Oyó fragmentos de conversación… Una conversación completamente normal.

—¿Qué os parece si vamos a las Cuadras de Salomón? ¿No será demasiado fatigoso para mamá? ¿El Muro de las Lamentaciones por la mañana? El Templo, por supuesto… Lo llaman la Mezquita de Omar… no sé por qué… Porque fue convertido en una mezquita musulmana, Lennox…

La charla típica de los turistas. No obstante, por alguna razón, Gerard tenía la extraña convicción de que todos esos fragmentos de diálogo que había captado al azar eran irreales. Eran una máscara, una tapadera para cubrir algo que se agitaba y arremolinaba bajo ellos, algo demasiado profundo y vago para convertirlo en palabras…

De nuevo se escudó detrás de Le Matin y dirigió una cautelosa mirada a los norteamericanos.

¿Lennox? Era el hermano mayor. Se advertía el mismo parecido familiar, pero había una diferencia. Lennox no estaba tan tenso. Gerard decidió que tenía un temperamento menos nervioso. Pero también en él había algo raro. A diferencia de los otros dos, no manifestaba ningún signo de tensión muscular. Estaba sentado con aire relajado, laso. Desconcertado, Gerard buscó entre sus recuerdos a los pacientes que había visto sentados así en las salas de los hospitales y pensó: «Está agotado. Sí, vencido por el sufrimiento. Esa mirada en sus ojos, la mirada de un perro herido o de un caballo enfermo… ese aguante bestial y mudo… Es curioso, físicamente no parece que le pase nada. Y sin embargo no hay duda de que últimamente ha soportado un gran sufrimiento, sufrimiento mental. Ahora ya no sufre, aguanta en silencio, esperando el próximo golpe… ¿Qué golpe? ¿Me estoy dejando llevar por la imaginación? No, ese hombre está esperando algo, está esperando que llegue el final. Así esperan los enfermos de cáncer, agradeciendo cualquier calmante que atenúe sus dolores…». Lennox Boynton se levantó y recogió un ovillo de lana que la vieja había dejado caer.

—Toma, mamá.

—Gracias.

¿Qué tejía aquella monumental e impasible mujer? Algo grueso y áspero. Gerard pensó: «Mitones para los habitantes de un asilo». Y sonrió ante su propia fantasía.

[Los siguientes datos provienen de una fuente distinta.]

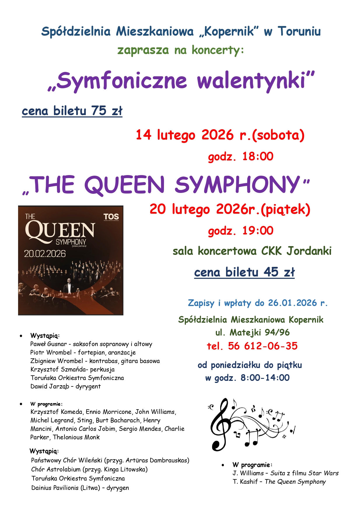 mamy przyjemność zaprosić Państwa na koncert „The Queen Symphony”, który odbędzie się 20.02.2026 r. o godzinie 19:00 w CKK Jordanki. Cena biletu wynosi 45 zł.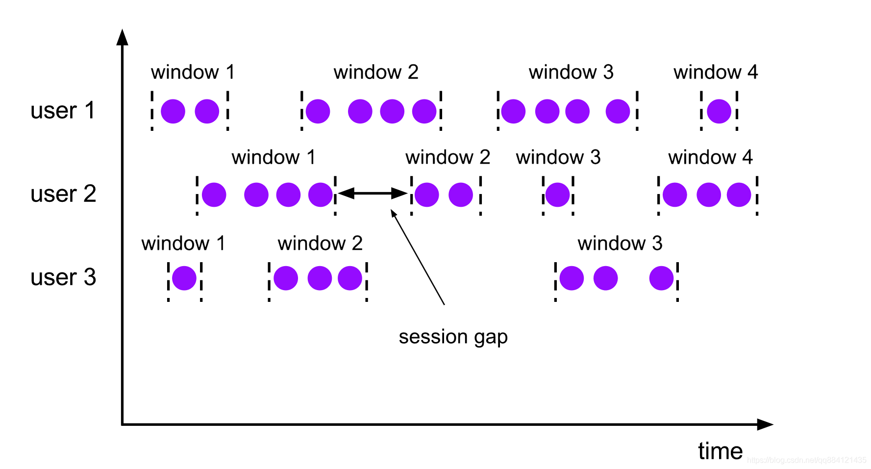 由一系列时间组合一个指定时间长度的timeout间隙组成,类似于web应用的session,也就是一段时间没有接收到新数据就会生成新的窗口。session窗口分配器通过session活动来对元素进行分组,session窗口跟滚动窗口和滑动窗口相比,不会有重叠和固定的开始时间和结束时间的情况,相反,当它在一个固定的时间周期内不再收到元素,即非活动间隔产生,那这个窗口就会关闭。一个session窗口通过一个session间隔来配置,那这个session间隔定义了非活跃周期的长度,但这个非活跃周期产生,那么当前的session将关闭并且后续的元素将被分配到新的session窗口中去。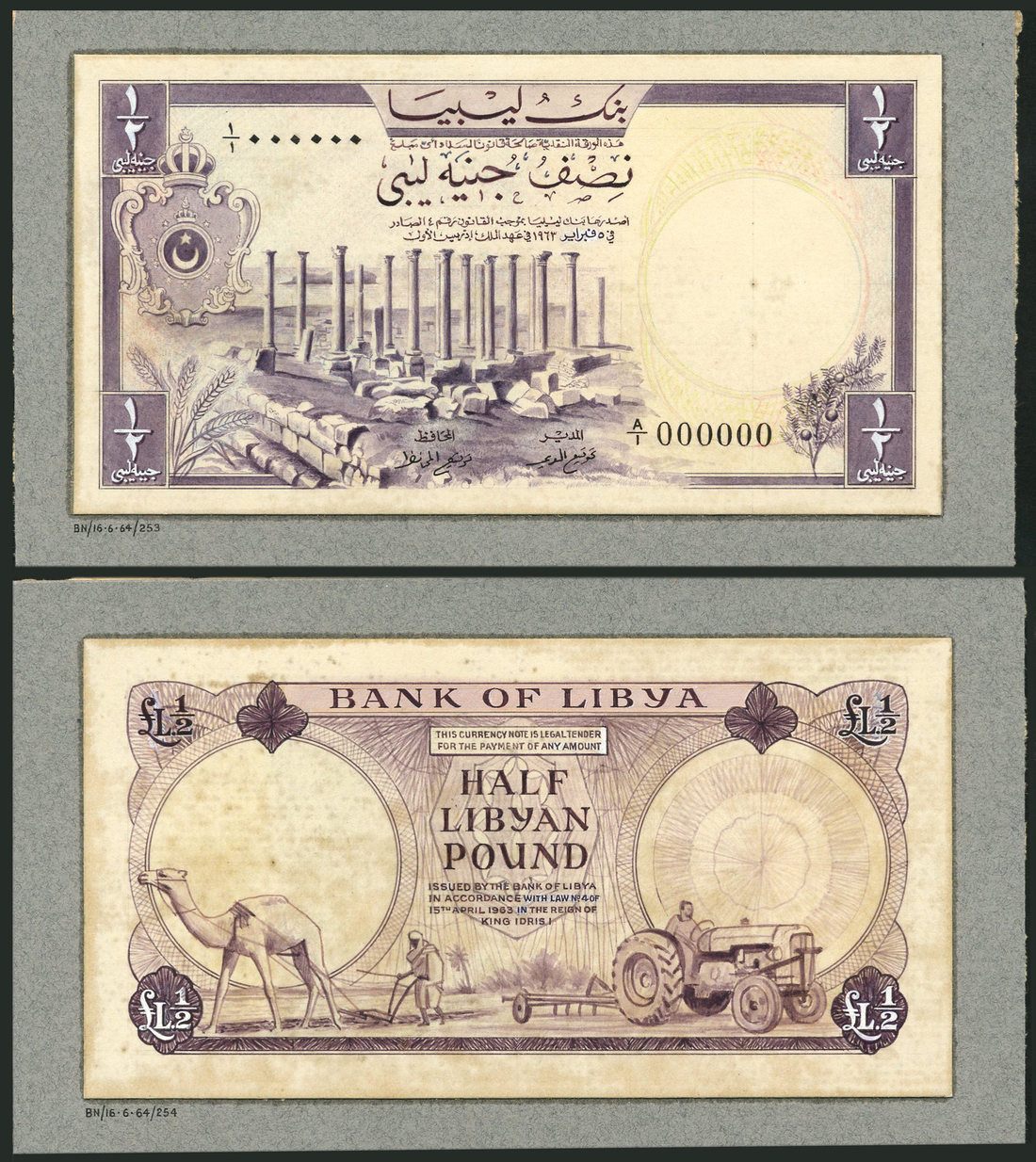 (†) Bank of Libya, a printers obverse and reverse archival composite essay on board for a proposed issue of a 1/2 Libyan pound, brown and mauve, the Pillars of Baalbek at left centre, arms at left, plant low right, value at each corner, reverse camel and plough at left, tractor at right, value at centre and at each corner

Dirigió su atención hacia el miembro más joven del grupo: la muchacha de cabello rojo dorado. Debía de tener unos diecinueve años. Su piel tenía la exquisita claridad que suele acompañar al cabello rojo. Aunque muy delgado, su rostro era bello. Estaba sentada sonriendo para sí misma… o al espacio. Había algo curioso en aquella sonrisa. Estaba muy lejos del Hotel Salomón, de Jerusalén. Al doctor Gerard le recordaba algo… De pronto, se acordó. Era la extraña y ultraterrena sonrisa de las doncellas de la Acrópolis de Atenas, algo lejano, encantador y un poco inhumano… La magia de su sonrisa, su exquisita fijeza, le hicieron sentir una punzada.

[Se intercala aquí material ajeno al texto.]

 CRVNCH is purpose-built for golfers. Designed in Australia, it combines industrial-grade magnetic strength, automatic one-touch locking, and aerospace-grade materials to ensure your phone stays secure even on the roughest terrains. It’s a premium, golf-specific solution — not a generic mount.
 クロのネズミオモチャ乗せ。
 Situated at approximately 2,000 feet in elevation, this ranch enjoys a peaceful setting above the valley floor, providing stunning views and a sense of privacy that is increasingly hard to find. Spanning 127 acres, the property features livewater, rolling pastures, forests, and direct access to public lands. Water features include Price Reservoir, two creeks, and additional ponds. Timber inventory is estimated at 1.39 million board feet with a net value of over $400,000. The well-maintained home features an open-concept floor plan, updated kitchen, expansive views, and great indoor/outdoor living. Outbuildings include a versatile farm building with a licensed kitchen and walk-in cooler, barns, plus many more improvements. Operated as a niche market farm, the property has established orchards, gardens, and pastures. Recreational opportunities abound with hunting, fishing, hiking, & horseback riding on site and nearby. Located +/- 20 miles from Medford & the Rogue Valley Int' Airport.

Y entonces, con cierto sobresalto, Gerard reparó en sus manos. Las tenía bajo la mesa, ocultas a la vista del grupo que la rodeaba, pero Gerard podía verlas claramente desde el lugar en el que estaba sentado. Sobre su regazo, destrozaban un pañuelito y lo convertían en finas tiras.

Esta visión hizo que se estremeciera. La vaga y lejana sonrisa… el cuerpo inmóvil… y las manos destructoras.